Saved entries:
++++++

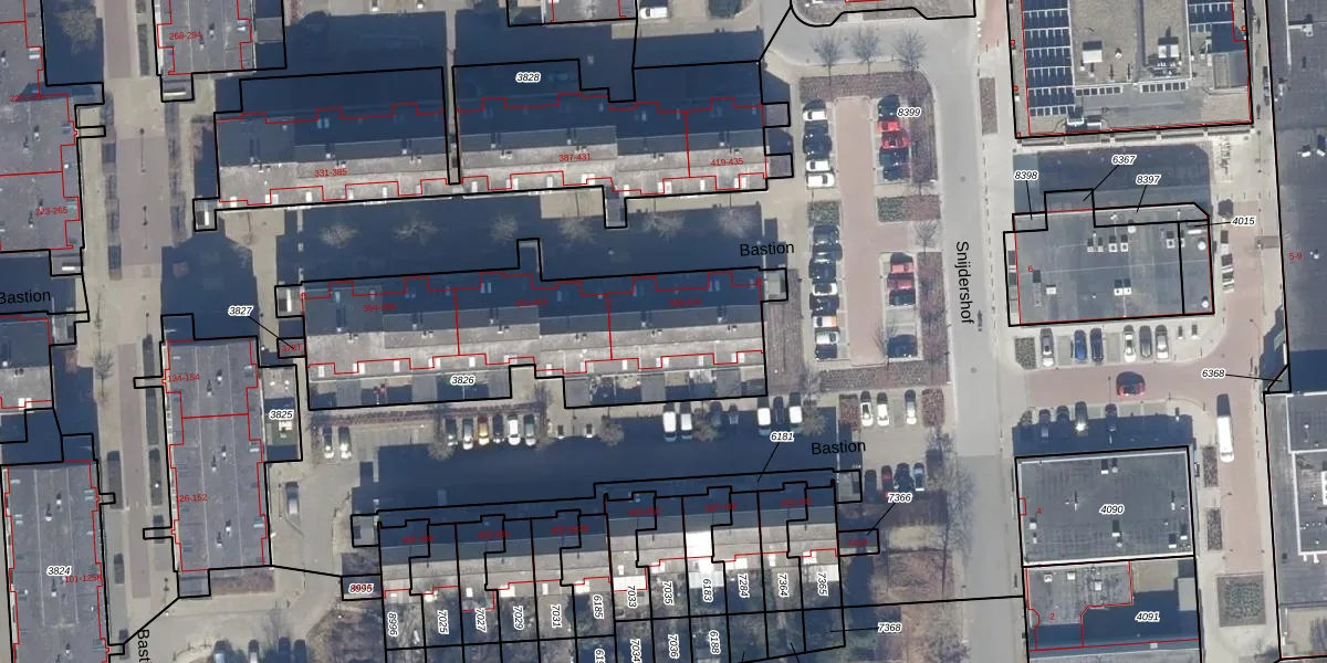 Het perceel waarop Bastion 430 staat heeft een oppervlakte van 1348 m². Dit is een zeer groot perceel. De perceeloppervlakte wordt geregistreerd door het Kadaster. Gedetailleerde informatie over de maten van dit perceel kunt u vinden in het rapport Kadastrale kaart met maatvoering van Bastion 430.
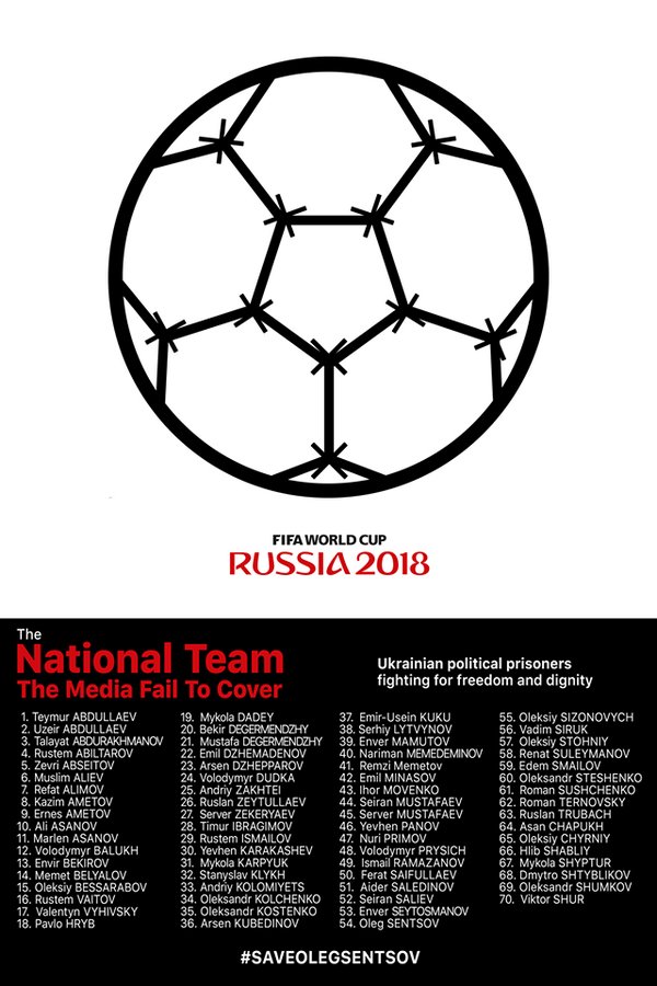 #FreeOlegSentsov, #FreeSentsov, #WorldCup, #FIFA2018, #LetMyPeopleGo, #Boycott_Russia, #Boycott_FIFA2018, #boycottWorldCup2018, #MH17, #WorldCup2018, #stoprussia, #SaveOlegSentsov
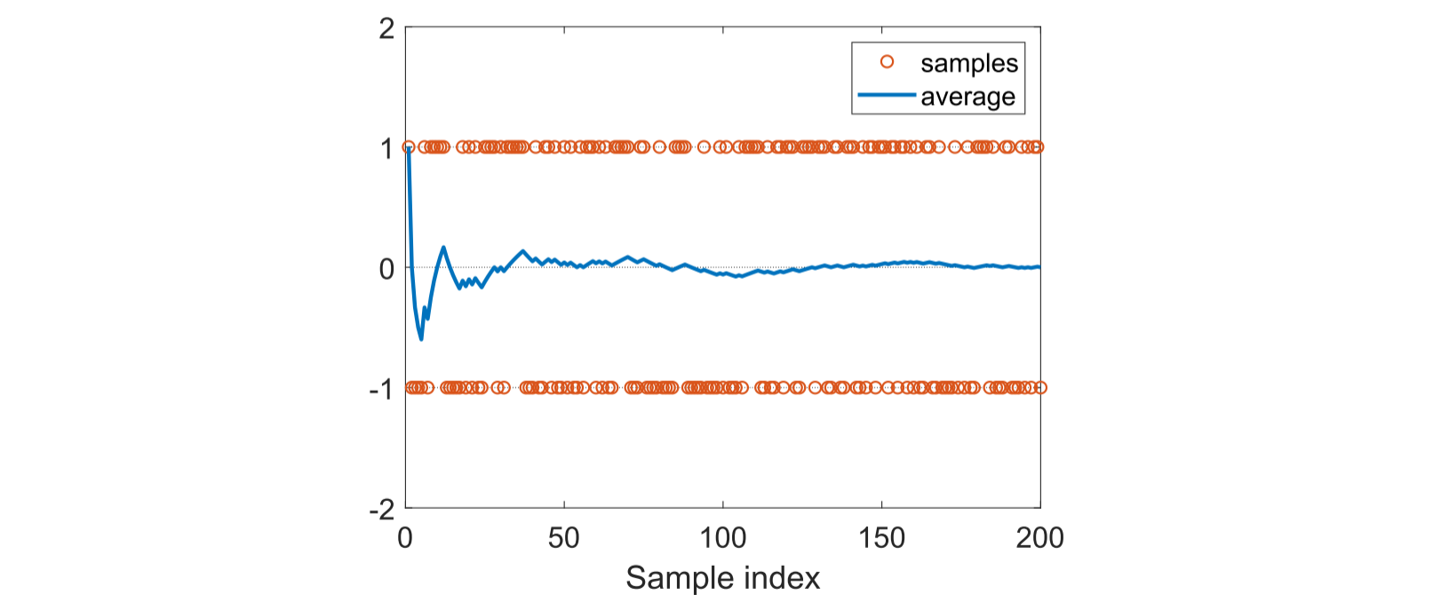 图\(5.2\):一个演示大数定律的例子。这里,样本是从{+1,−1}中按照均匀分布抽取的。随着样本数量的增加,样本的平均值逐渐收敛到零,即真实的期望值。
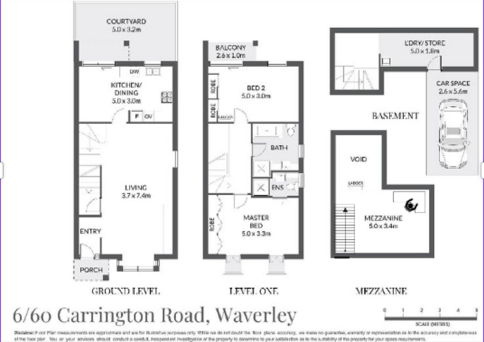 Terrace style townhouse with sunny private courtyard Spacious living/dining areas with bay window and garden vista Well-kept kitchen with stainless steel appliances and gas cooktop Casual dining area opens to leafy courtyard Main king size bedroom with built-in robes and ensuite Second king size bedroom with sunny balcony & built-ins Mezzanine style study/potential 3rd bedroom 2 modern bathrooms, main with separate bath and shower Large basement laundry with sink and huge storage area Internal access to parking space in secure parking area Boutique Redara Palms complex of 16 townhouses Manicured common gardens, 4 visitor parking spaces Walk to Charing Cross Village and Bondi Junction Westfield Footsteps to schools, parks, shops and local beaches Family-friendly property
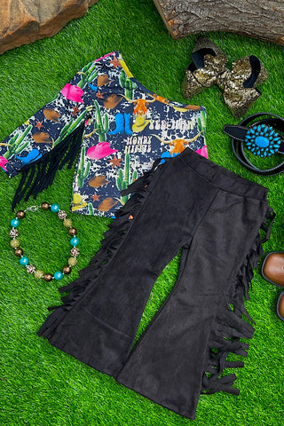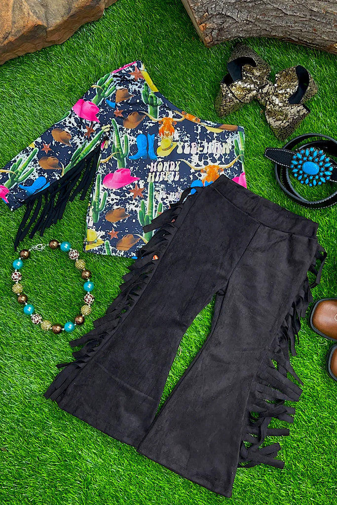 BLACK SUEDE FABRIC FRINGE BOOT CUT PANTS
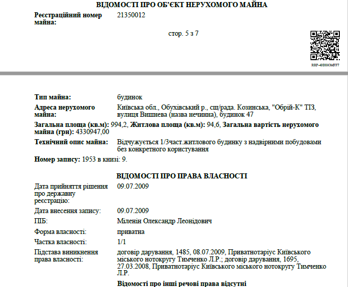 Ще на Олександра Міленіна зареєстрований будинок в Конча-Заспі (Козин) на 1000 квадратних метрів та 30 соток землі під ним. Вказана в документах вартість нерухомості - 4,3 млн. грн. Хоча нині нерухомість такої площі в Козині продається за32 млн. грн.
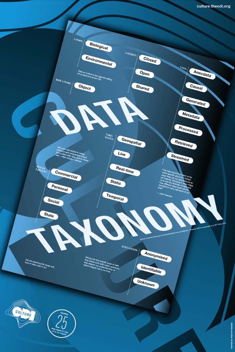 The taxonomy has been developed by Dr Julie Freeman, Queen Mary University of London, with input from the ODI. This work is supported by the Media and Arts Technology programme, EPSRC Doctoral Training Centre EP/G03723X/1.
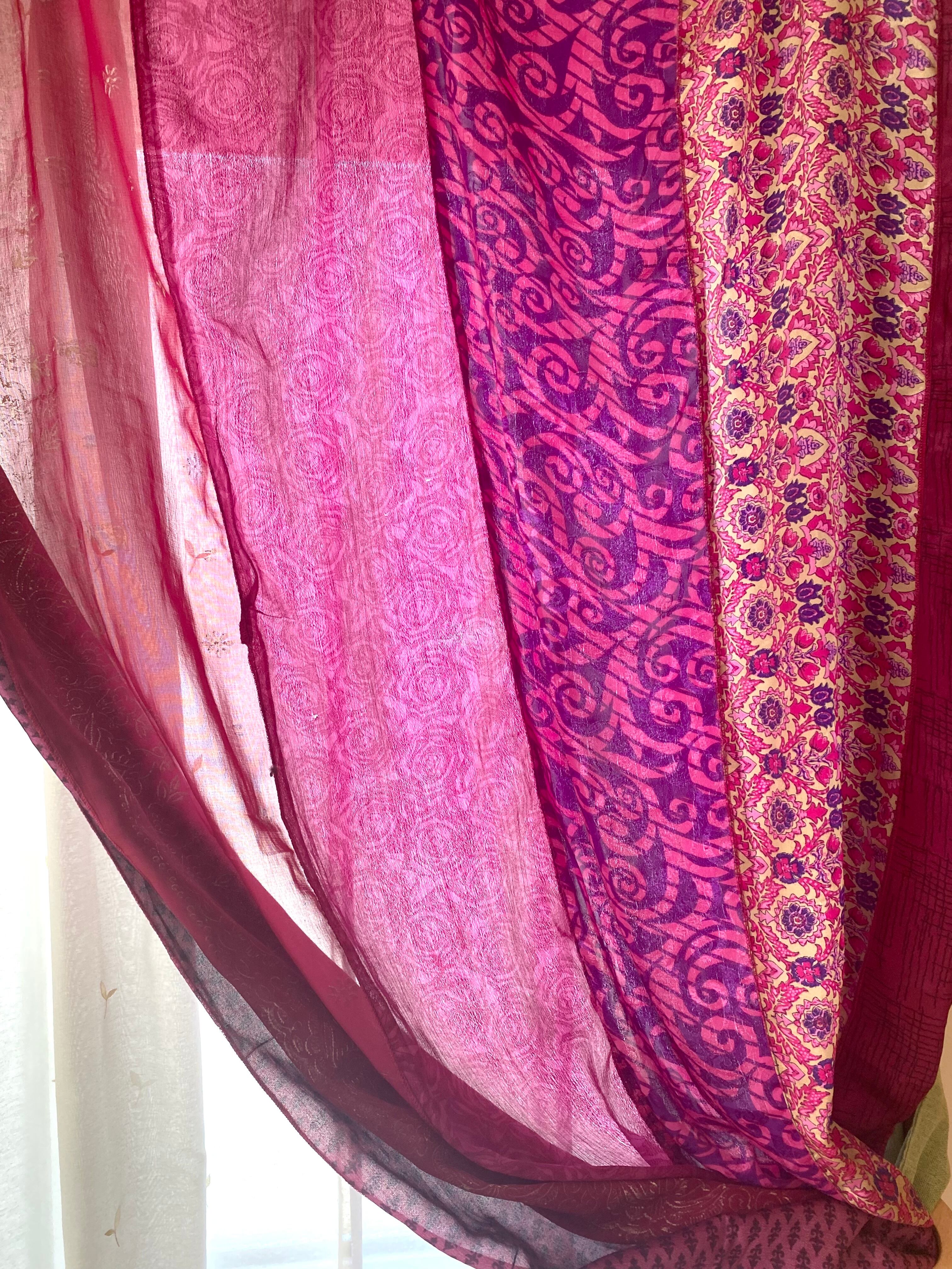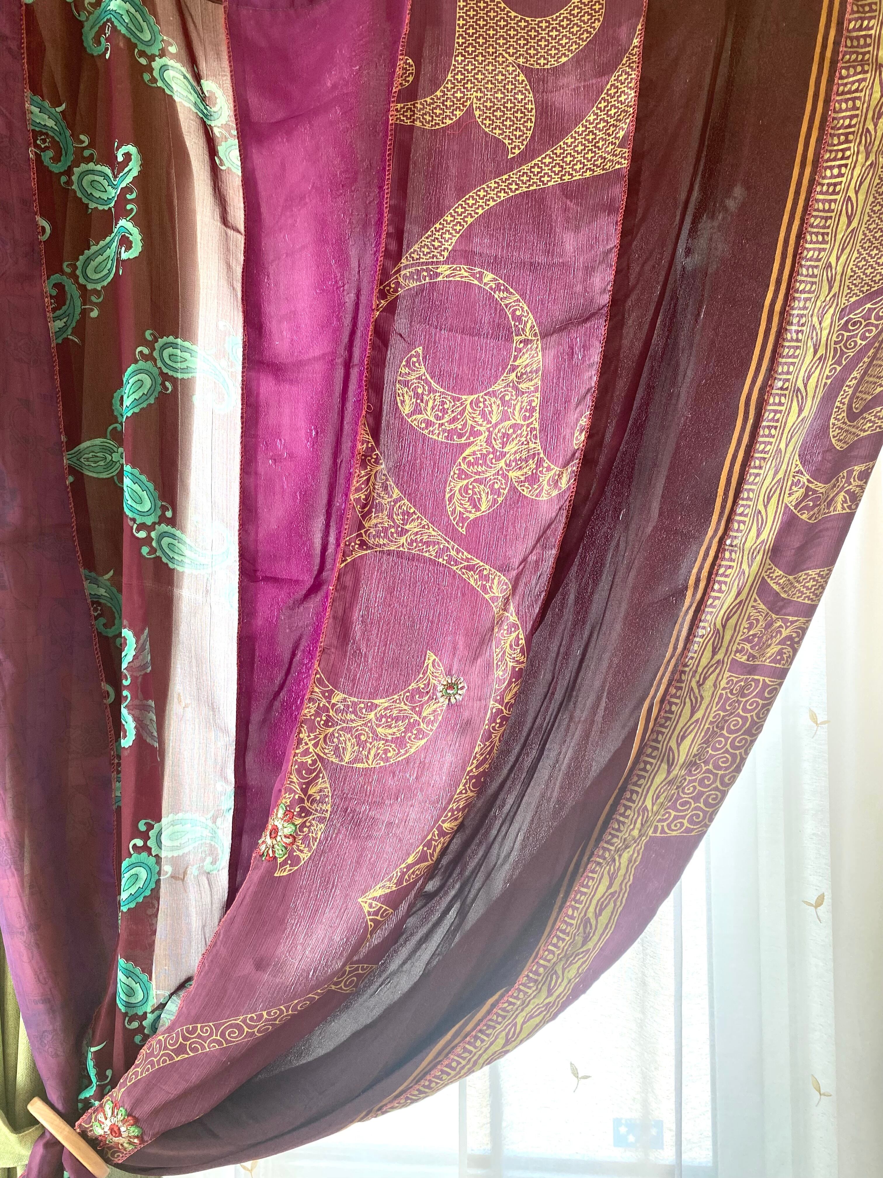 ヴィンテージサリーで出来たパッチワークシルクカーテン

++++++

▶ Directions
With the pictures left out, copy exactly the lines from the one containing "The taxonomy has" through the final line of the records above, both included.

▶ Output for this task
 The taxonomy has been developed by Dr Julie Freeman, Queen Mary University of London, with input from the ODI. This work is supported by the Media and Arts Technology programme, EPSRC Doctoral Training Centre EP/G03723X/1.
 ヴィンテージサリーで出来たパッチワークシルクカーテン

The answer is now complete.